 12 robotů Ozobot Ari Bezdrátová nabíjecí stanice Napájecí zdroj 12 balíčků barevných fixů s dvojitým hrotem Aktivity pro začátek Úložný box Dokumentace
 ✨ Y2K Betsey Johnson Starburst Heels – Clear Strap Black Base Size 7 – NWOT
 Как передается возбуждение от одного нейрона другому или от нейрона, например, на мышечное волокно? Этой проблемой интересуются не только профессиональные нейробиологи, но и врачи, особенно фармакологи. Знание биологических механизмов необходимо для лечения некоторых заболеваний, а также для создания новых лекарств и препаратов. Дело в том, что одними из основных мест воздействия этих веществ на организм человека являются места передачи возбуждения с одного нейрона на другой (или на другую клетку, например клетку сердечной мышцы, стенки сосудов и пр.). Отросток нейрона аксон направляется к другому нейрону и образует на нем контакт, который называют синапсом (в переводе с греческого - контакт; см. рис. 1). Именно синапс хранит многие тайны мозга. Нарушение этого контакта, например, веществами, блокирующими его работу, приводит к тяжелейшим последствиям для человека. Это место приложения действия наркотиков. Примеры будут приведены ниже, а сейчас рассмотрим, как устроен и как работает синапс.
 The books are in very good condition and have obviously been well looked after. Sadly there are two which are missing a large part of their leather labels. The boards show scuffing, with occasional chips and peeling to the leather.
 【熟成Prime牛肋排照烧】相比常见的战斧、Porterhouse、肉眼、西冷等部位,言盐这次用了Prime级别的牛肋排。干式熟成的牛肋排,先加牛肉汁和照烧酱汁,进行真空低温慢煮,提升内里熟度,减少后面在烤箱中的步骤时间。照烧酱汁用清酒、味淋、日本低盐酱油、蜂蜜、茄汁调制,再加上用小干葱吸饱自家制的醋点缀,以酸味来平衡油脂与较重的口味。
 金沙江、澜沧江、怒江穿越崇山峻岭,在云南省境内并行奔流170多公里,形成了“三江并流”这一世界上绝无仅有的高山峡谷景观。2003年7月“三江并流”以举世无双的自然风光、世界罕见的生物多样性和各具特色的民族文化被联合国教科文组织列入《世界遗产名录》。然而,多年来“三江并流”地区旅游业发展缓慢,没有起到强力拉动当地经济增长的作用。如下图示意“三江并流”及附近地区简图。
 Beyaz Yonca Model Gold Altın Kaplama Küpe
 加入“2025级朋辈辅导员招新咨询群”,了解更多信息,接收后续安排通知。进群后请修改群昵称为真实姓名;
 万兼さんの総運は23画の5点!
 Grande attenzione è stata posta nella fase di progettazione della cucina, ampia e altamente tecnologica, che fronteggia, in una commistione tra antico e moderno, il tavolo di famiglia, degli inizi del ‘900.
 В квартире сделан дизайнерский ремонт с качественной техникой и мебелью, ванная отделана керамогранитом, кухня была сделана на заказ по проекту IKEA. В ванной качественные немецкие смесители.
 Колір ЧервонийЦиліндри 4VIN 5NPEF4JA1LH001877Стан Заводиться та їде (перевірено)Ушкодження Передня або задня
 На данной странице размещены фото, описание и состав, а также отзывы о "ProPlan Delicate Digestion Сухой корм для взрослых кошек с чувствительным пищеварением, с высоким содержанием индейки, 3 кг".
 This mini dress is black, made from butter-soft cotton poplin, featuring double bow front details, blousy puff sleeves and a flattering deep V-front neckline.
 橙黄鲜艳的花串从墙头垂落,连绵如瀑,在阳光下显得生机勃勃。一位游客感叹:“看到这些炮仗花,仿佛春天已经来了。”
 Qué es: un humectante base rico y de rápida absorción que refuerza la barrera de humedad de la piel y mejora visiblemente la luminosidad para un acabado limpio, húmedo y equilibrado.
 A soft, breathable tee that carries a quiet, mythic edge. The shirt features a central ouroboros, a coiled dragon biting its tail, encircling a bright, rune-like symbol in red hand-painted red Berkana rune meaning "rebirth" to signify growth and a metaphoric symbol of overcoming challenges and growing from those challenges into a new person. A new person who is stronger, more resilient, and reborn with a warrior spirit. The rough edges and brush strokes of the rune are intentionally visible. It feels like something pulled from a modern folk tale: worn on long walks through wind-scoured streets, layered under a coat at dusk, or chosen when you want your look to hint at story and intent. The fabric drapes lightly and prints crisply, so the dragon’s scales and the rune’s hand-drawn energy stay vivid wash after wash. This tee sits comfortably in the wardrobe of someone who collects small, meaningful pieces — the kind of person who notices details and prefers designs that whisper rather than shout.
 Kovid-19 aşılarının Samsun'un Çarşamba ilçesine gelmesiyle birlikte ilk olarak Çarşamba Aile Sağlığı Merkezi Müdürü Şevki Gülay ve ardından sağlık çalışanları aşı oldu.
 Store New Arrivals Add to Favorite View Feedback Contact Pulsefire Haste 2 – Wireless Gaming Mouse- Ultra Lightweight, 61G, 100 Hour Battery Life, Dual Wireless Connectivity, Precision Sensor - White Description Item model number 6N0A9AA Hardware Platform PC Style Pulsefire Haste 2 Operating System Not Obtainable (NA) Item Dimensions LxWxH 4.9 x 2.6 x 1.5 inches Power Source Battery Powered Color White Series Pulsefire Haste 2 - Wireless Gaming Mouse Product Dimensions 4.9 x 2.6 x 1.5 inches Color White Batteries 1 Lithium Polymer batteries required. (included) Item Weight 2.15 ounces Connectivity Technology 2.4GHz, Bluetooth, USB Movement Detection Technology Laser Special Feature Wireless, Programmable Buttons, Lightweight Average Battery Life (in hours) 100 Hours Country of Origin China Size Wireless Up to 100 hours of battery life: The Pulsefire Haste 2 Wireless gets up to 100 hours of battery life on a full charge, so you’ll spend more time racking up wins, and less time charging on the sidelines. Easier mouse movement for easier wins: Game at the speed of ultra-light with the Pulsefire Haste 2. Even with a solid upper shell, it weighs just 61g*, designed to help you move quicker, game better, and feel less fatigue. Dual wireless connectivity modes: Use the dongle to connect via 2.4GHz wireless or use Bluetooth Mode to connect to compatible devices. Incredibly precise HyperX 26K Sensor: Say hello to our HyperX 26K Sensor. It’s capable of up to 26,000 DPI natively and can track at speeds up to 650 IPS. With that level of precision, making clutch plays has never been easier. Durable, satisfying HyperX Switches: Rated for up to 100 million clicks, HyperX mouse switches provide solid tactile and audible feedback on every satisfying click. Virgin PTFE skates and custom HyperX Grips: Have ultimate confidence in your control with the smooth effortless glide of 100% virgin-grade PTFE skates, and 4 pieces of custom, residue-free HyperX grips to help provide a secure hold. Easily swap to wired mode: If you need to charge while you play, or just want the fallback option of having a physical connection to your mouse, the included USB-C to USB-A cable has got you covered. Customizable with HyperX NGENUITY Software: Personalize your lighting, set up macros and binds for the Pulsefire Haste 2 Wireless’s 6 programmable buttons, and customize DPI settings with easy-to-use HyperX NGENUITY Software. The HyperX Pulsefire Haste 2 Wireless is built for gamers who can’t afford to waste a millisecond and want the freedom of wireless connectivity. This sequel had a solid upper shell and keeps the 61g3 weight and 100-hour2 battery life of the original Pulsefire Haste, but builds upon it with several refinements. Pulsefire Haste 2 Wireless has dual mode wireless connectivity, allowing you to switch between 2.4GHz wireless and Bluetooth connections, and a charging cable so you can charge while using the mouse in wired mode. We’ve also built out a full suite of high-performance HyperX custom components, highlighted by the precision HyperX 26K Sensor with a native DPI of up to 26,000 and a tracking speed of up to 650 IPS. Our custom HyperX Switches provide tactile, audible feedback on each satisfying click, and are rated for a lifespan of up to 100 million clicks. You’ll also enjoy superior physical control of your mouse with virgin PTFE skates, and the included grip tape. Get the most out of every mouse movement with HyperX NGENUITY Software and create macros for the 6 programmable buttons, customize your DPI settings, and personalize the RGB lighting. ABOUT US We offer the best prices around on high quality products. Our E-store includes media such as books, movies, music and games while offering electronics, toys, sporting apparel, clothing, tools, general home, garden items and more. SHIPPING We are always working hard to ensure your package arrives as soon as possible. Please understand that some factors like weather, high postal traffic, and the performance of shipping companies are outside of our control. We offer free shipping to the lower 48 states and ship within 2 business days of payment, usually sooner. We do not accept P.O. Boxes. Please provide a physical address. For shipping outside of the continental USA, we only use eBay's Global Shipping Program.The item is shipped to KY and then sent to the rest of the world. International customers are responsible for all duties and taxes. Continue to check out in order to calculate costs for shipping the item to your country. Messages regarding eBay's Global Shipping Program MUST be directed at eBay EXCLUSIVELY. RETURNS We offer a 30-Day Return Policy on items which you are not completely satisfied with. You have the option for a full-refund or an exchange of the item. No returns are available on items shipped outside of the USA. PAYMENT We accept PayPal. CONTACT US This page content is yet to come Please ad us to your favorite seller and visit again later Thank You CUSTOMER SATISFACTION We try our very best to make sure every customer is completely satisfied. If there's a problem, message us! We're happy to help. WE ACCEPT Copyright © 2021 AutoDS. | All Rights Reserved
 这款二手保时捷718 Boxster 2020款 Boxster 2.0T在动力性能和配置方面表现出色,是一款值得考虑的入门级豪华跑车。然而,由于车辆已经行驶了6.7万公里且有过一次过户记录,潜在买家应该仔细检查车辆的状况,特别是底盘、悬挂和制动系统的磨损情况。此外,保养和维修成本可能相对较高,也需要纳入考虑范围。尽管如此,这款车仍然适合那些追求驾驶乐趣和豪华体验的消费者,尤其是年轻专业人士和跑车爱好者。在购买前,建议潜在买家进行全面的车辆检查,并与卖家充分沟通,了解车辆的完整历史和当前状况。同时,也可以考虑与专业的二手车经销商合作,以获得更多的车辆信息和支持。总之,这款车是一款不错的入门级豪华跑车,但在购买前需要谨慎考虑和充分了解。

What the exercise asks: Would you please copy, word for word, everything above from the line containing "Qué es: un humectante" down to the line containing "Kovid-19 aşılarının Samsun'un", those two lines included?

Result of the task:
 Qué es: un humectante base rico y de rápida absorción que refuerza la barrera de humedad de la piel y mejora visiblemente la luminosidad para un acabado limpio, húmedo y equilibrado.
 A soft, breathable tee that carries a quiet, mythic edge. The shirt features a central ouroboros, a coiled dragon biting its tail, encircling a bright, rune-like symbol in red hand-painted red Berkana rune meaning "rebirth" to signify growth and a metaphoric symbol of overcoming challenges and growing from those challenges into a new person. A new person who is stronger, more resilient, and reborn with a warrior spirit. The rough edges and brush strokes of the rune are intentionally visible. It feels like something pulled from a modern folk tale: worn on long walks through wind-scoured streets, layered under a coat at dusk, or chosen when you want your look to hint at story and intent. The fabric drapes lightly and prints crisply, so the dragon’s scales and the rune’s hand-drawn energy stay vivid wash after wash. This tee sits comfortably in the wardrobe of someone who collects small, meaningful pieces — the kind of person who notices details and prefers designs that whisper rather than shout.
 Kovid-19 aşılarının Samsun'un Çarşamba ilçesine gelmesiyle birlikte ilk olarak Çarşamba Aile Sağlığı Merkezi Müdürü Şevki Gülay ve ardından sağlık çalışanları aşı oldu.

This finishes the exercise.